__Input for this task__:
------------------------------------------------

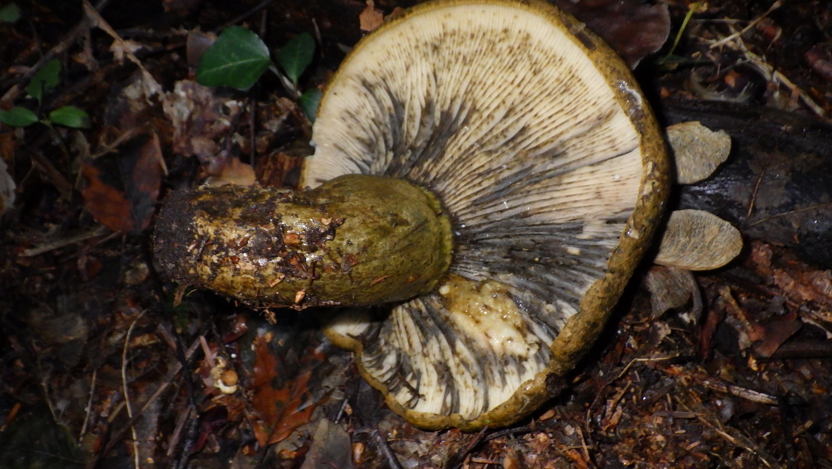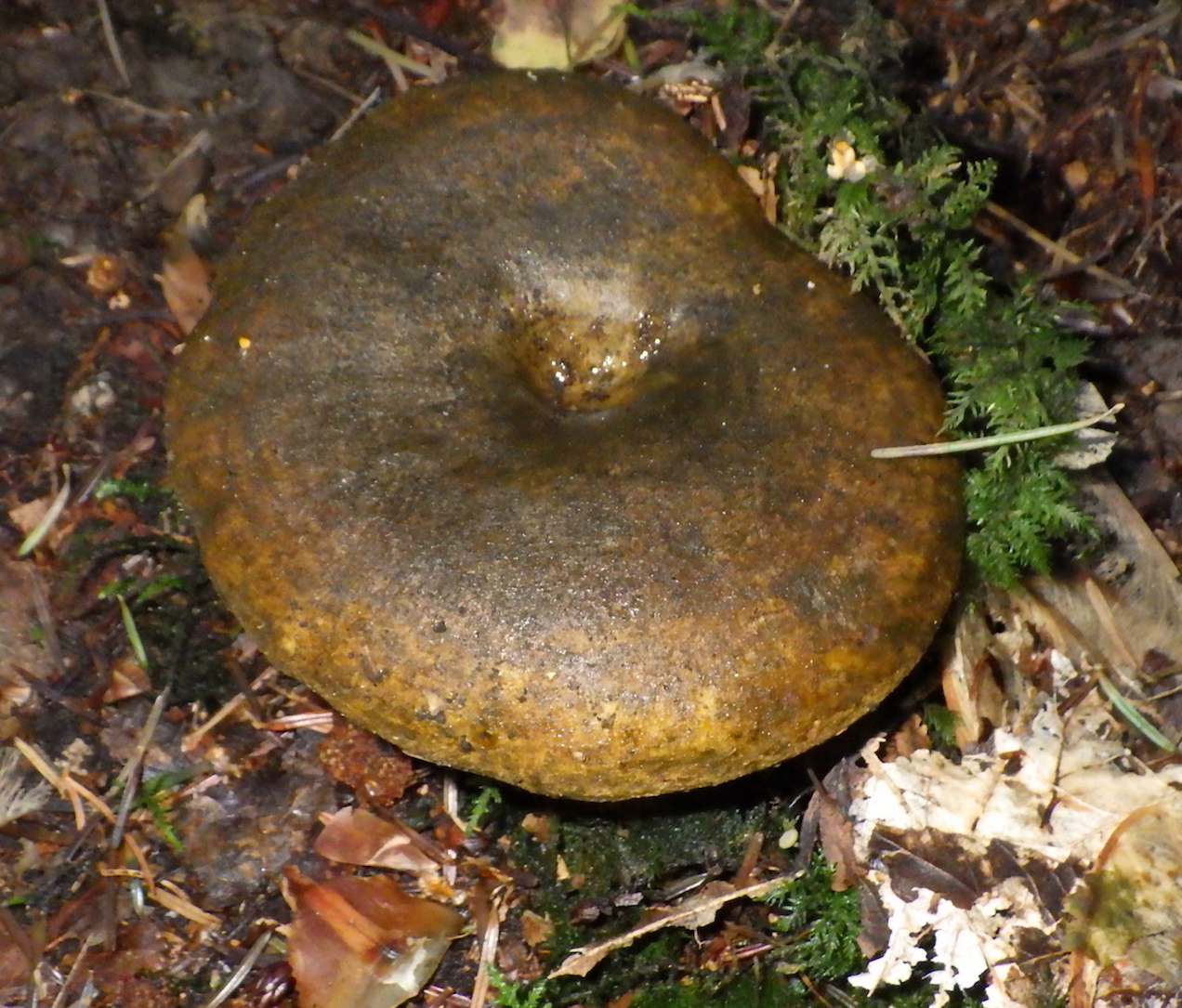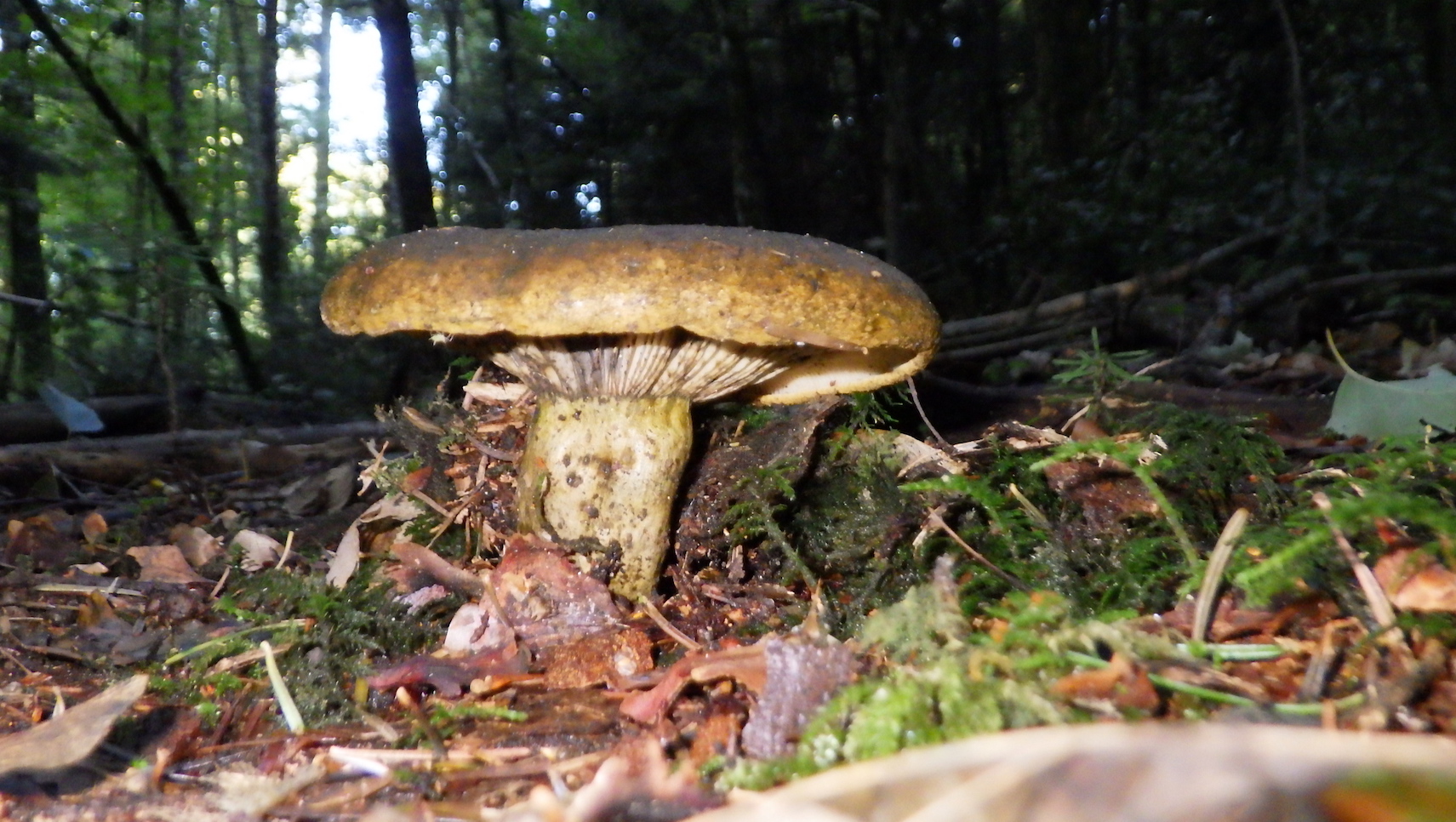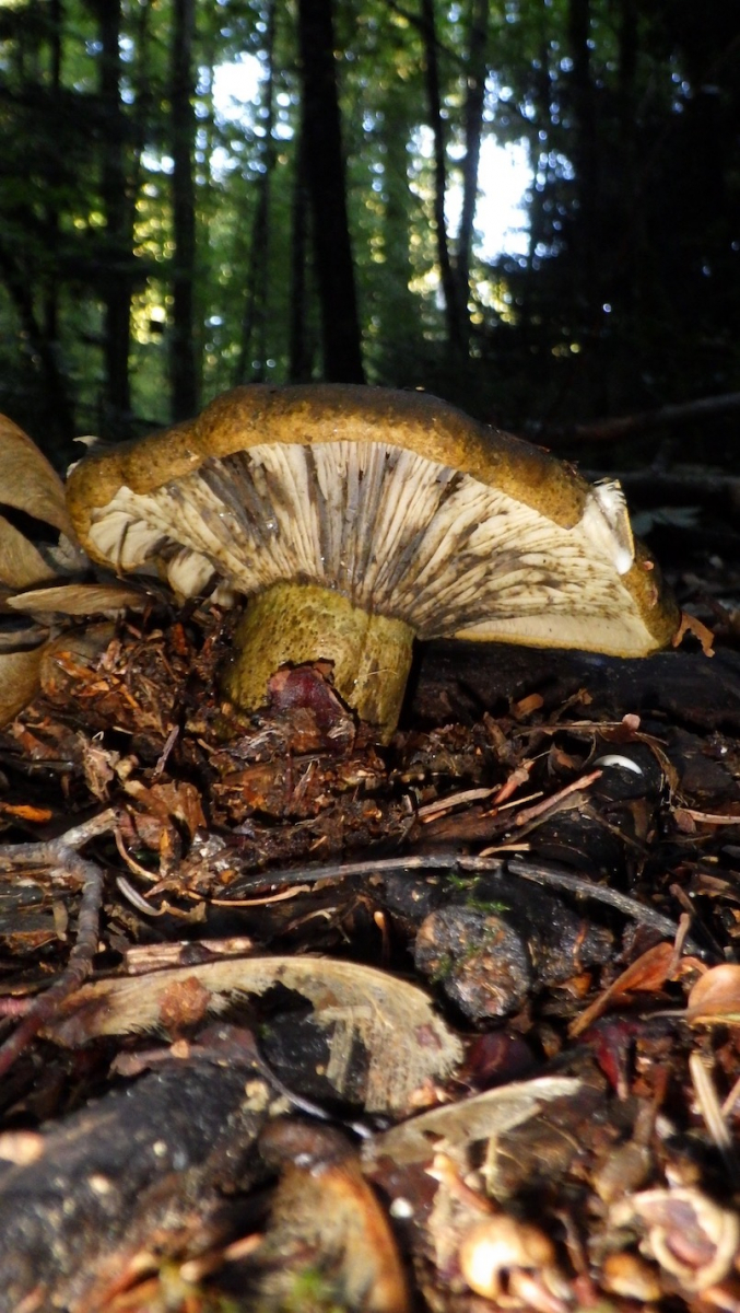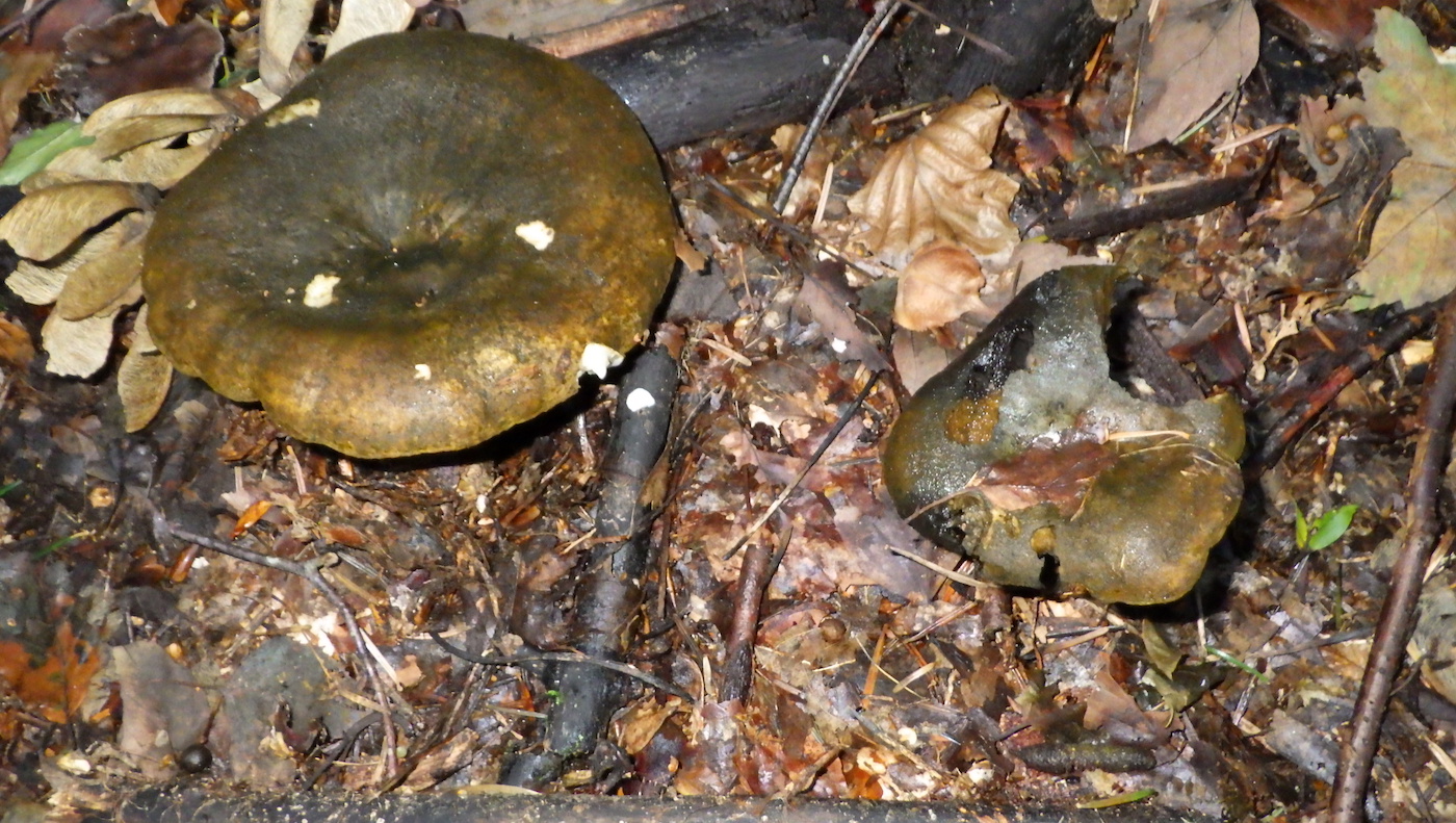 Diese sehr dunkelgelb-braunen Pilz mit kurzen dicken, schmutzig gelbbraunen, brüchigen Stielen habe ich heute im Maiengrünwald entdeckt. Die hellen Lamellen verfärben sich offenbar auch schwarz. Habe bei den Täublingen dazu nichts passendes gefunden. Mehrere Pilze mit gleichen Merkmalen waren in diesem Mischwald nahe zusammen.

------------------------------------------------

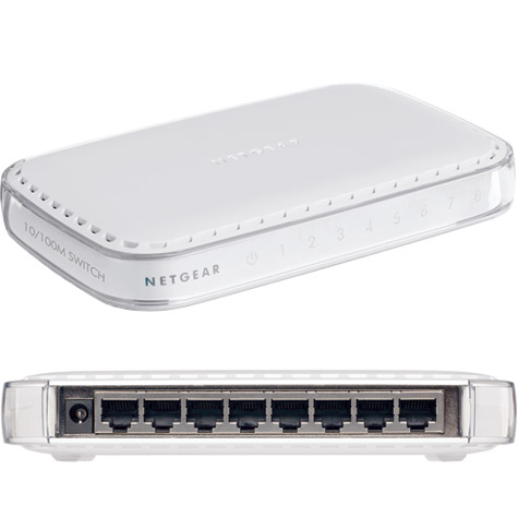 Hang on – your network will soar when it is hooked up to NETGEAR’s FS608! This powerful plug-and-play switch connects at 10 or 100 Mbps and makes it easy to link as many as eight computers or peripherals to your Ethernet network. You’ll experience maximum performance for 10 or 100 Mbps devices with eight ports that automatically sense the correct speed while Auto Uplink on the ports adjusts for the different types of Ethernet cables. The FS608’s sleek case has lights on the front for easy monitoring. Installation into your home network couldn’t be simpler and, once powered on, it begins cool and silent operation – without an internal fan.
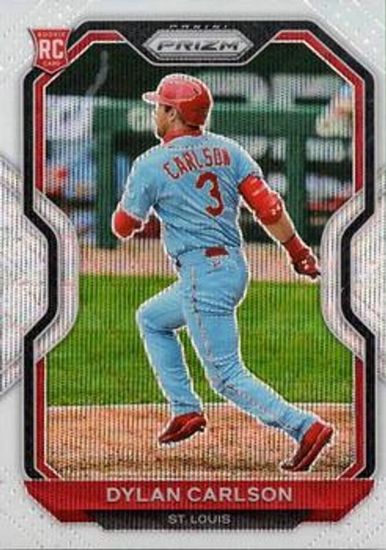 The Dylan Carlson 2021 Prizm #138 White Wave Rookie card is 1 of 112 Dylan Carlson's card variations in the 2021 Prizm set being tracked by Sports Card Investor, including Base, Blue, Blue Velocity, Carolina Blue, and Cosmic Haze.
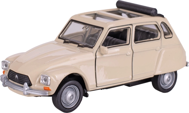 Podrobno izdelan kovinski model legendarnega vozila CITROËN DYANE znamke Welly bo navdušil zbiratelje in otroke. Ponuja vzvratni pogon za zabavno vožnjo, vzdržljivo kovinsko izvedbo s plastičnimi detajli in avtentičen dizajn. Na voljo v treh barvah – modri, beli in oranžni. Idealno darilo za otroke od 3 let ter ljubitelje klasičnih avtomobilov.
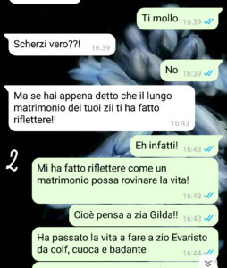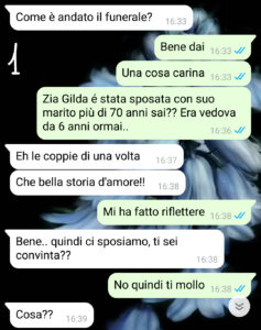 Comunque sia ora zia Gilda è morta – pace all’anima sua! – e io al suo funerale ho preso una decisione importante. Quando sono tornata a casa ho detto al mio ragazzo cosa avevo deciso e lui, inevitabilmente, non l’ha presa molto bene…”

------------------------------------------------

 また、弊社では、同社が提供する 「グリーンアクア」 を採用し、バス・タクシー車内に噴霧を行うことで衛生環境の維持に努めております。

------------------------------------------------

__To do__: Text only, no pictures: please print exactly the lines above from the line with "Podrobno izdelan kovinski" up to and including the line with "Comunque sia ora", and nothing else.

__Result of the exercise__:
 Podrobno izdelan kovinski model legendarnega vozila CITROËN DYANE znamke Welly bo navdušil zbiratelje in otroke. Ponuja vzvratni pogon za zabavno vožnjo, vzdržljivo kovinsko izvedbo s plastičnimi detajli in avtentičen dizajn. Na voljo v treh barvah – modri, beli in oranžni. Idealno darilo za otroke od 3 let ter ljubitelje klasičnih avtomobilov.
 Comunque sia ora zia Gilda è morta – pace all’anima sua! – e io al suo funerale ho preso una decisione importante. Quando sono tornata a casa ho detto al mio ragazzo cosa avevo deciso e lui, inevitabilmente, non l’ha presa molto bene…”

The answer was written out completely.